Os “anos passados em Salónica não são dos menos activos da vida de Amato(...) A sua actividade científica não esmorece, visto que de Salónica são datadas as três últimas centúrias, conquanto só a derradeira contenha observações colhidas nesta cidade.”(29) No entanto, faltava-lhe o convívio científico que tanto amava. Em Salónica escreve o seu famoso Juramento, incluído nas Centúrias.

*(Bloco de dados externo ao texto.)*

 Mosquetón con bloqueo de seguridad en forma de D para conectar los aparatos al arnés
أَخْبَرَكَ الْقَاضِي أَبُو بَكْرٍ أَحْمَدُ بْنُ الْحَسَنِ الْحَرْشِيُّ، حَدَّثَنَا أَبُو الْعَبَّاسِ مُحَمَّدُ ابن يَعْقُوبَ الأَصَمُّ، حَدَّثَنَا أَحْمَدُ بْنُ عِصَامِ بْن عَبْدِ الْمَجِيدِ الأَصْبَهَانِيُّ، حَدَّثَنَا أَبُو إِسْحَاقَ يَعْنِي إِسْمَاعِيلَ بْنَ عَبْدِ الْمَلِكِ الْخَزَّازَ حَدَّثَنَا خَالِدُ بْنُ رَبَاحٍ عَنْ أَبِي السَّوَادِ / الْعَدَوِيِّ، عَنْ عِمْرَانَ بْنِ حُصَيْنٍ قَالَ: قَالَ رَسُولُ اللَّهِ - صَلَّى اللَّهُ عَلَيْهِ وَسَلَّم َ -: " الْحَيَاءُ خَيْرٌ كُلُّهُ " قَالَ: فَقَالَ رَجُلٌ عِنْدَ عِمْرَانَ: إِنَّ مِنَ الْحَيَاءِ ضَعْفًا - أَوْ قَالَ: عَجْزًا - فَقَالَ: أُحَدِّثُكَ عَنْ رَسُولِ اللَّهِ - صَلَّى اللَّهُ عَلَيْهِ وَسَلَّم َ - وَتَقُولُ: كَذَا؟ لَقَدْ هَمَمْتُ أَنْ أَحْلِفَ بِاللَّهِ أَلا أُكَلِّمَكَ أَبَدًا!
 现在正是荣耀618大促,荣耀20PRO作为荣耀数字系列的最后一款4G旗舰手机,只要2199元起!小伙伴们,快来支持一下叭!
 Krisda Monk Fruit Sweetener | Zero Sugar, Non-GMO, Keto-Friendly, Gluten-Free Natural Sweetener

1561: Publica a sua Sétima Centúria. “A obra clínica de Amato consta de sete centenas (ou centúrias) de histórias clínicas que ele denomina «curas»- são histórias clínicas, como hoje diríamos, encontra-se nelas a descrição de variadas doenças. Algumas ainda agora teriam valor, mas a maioria sofre naturalmente da influência da medicina árabe e galénica. Mas tal como sucedeu na Anatomia, o peso da tradição medieval era grande de mais para o poder deixar de lado”.(30) As Centúrias de Curas Medicinais ilustram a argúcia e o brilhantismo do seu pensamento e são, sem dúvida, um repositório monumental de sabedoria clínica da época e o mais autorizado documento médico do século XVI subscrito por um português.

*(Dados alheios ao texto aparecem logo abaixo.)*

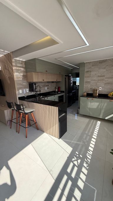 - 2 dormitórios sendo 2 suítes, 1 lavabo, sacada integrada, sala 2 ambientes, cozinha totalmente equipada e dormitórios já com planejados, 2 vagas de garagem demarcadas.
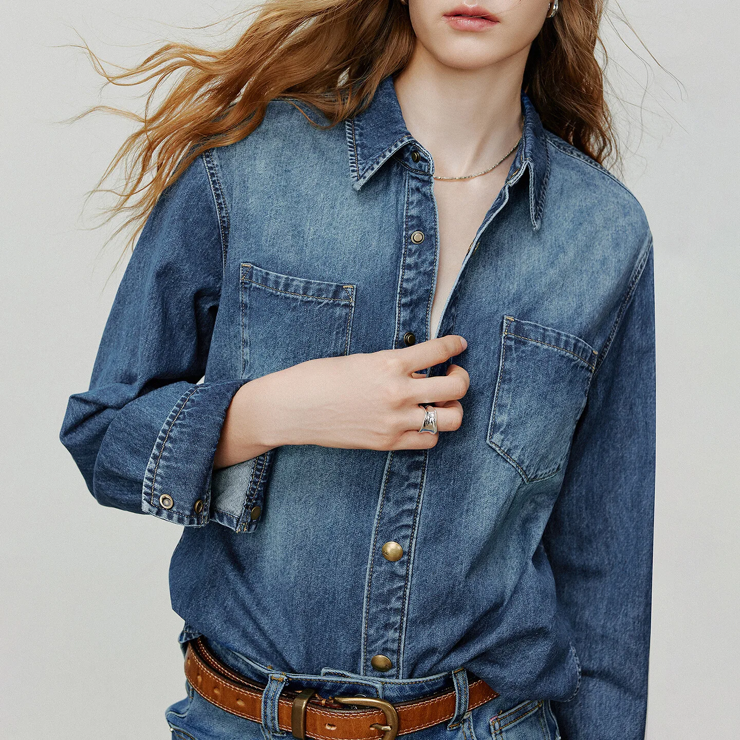 2 reviews for TOYOUTH Women Long Sleeve Blouse Shirt Autumn New Gradient Pure Cotton Cardigan Denim Cardigan Blusa Tops
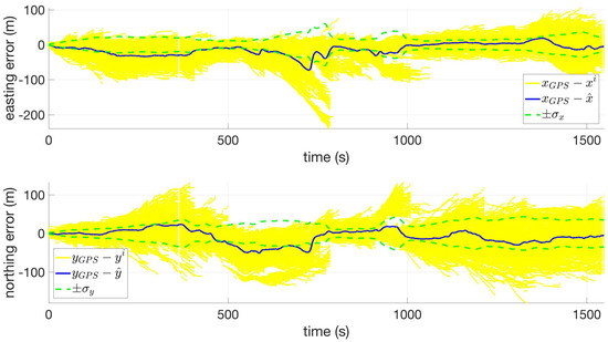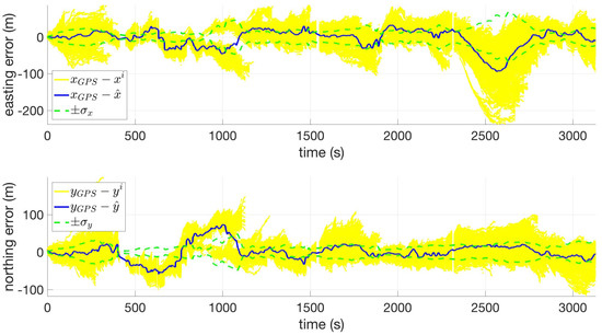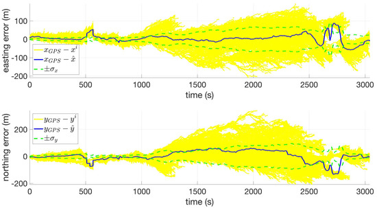 Figure 6 shows the estimate errors for the position states. The errors in these states are mostly bounded by the filter-predicted standard deviation, and this is especially true in the second half of the route. An interesting feature can be seen around t = 800 s, at which point the filter resamples, effectively killing off erroneous particles and locking onto the correct solution. Also, note that the magnitude of the filter-predicted standard deviations for the position states are less than ±50 m for most of the route, whereas these magnitudes reach as much as ±100 m for the flat terrain route shown in Figure 4. This effect can be attributed to the variation in the slanted terrain, which allows the particle filter to resample particles more frequently and limits the uncertainty growth.
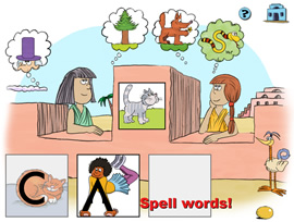 Play Games to name target pictures and select the correct letters to spell the word. (graphic – Spell words)
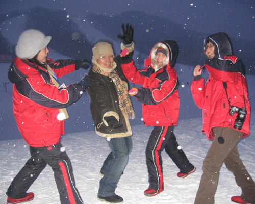 在哈爾濱吉華滑雪場,記者意外發現該滑雪場總經理(左一)來自臺灣,臺灣媒體的記者們大有“他鄉遇親人”,大家一擁而上問他在哈爾濱的生活感受如何,據經理介紹他負責吉華滑雪場已有一年多時間,生活的很習慣。他說要把東北人的熱情和臺灣優秀的服務意識結合在一起,建成東北顧客滿意度最高的滑雪場。
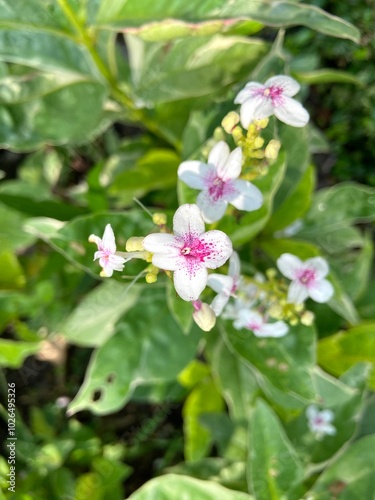 Pseuderanthemum maculatum, commonly known as yellow-vein eranthemum, is in bloom.
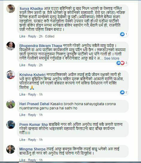 लकडाउनको बेला समेत स्थानीय नेपाली कांग्रेसले हुलहुज्जत र सडकमा निस्केर नाराबाजी गरेर गम्भीर गल्ति गरेकोप्रति उनले दुख व्यक्त गर्दै जुलुसमा उपस्थित भएका सबैलाई क्वारेन्टाईनमा बस्नको लागि अनुरोध गरेका छन् ।

1568: A peste instala-se em Salónica. “Amato, com o alto sentimento de dever lança-se com ardor e convicção no combate pela vida do seu semelhante e aí no seu posto perde a preciosa existência tão atribulada, mas tão gloriosa também”.(31) Resta-nos salientar que este médico competente e inteligente “foi uma alma inquietante, curiosa, ávida de saber e de aperfeiçoamento. Ainda que nele domine a filosofia da nova idade e seja essa a razão do seu merecimento não há dúvidas que o seu espírito foi sulcado pelas contradições e antinomias do tempo: de um lado chamavam-no as autoridades antigas, Galeno, Avicena e a tradição escolástica; do outro atraía-o a «nuova scienza», com a sua atitude objectiva, crítica, criadora e livre, voltada para a natureza e para o homem, despida das fantasmagóricas científicas da Escolástica de um lado, o exercício da razão no livre exame da realidade, no conhecimento assente na experiência, na «fé intacta das coisas», como ele próprio diz do outro, os preceitos do antigo sistema aristotélico-escolástico contidos nos textos”.(32)


Notas

1 DIAS, José Lopes, Amato Lusitano - Cidadão de Castelo Branco, Castelo Branco,1956, p.1.
2 Ibidem.
3 CORREIA, Maximino, Alguns passos da vida de Amato Lusitano, Academia das Ciências de Lisboa, 1968.
4 LEMOS, Maximiano, Amato Lusitano, a sua vida e a sua obra, Eduardo Tavares Martins editor, Porto, 1907, p. 19-20.
5 CORREIA, Maximino, Idem.
6 Idem.
7 Idem.
8 D’ESAGUY, Dr. Augusto, Oração e Juramento Médico de Moisés Maimonde e Amato Lusitano, Lisboa, 1955, p. 23.
9 CORREIA, Maximino, Idem.
10 LEMOS, Maximiano, Idem, p. 81.
11 Idem., p.81.
12 DIAS, José Lopes, Idem, p. 6.
13 LEMOS, Maximiano, Idem, p. 181.
14 Idem, p. 101.
15 Idem, p. 102.
16 Idem, p. 103.
17 Idem, p. 106.
18 Idem, p. 113.
19 Idem, p. 132.
20 CORREIA, Maximino, Idem.
21 LEMOS, Maximiano, Idem, p. 135.
22 Idem, p.140.
23 Idem, p. 142
24 DIAS, José Lopes, Idem, p. 5
25 LEMOS, Maximiano, Idem, p. 145.
26 Idem, p. 147.
27 CORREIA, Maximino, Idem.
28 LEMOS, Maximiano, Idem, p. 156.
29 Idem, p. 167.
30 GUERRA, Prof. Miller., Idem, p. 13.
31 CORREIA, Maximino, Idem.
32 GUERRA, Prof. Miller, Idem, p.17.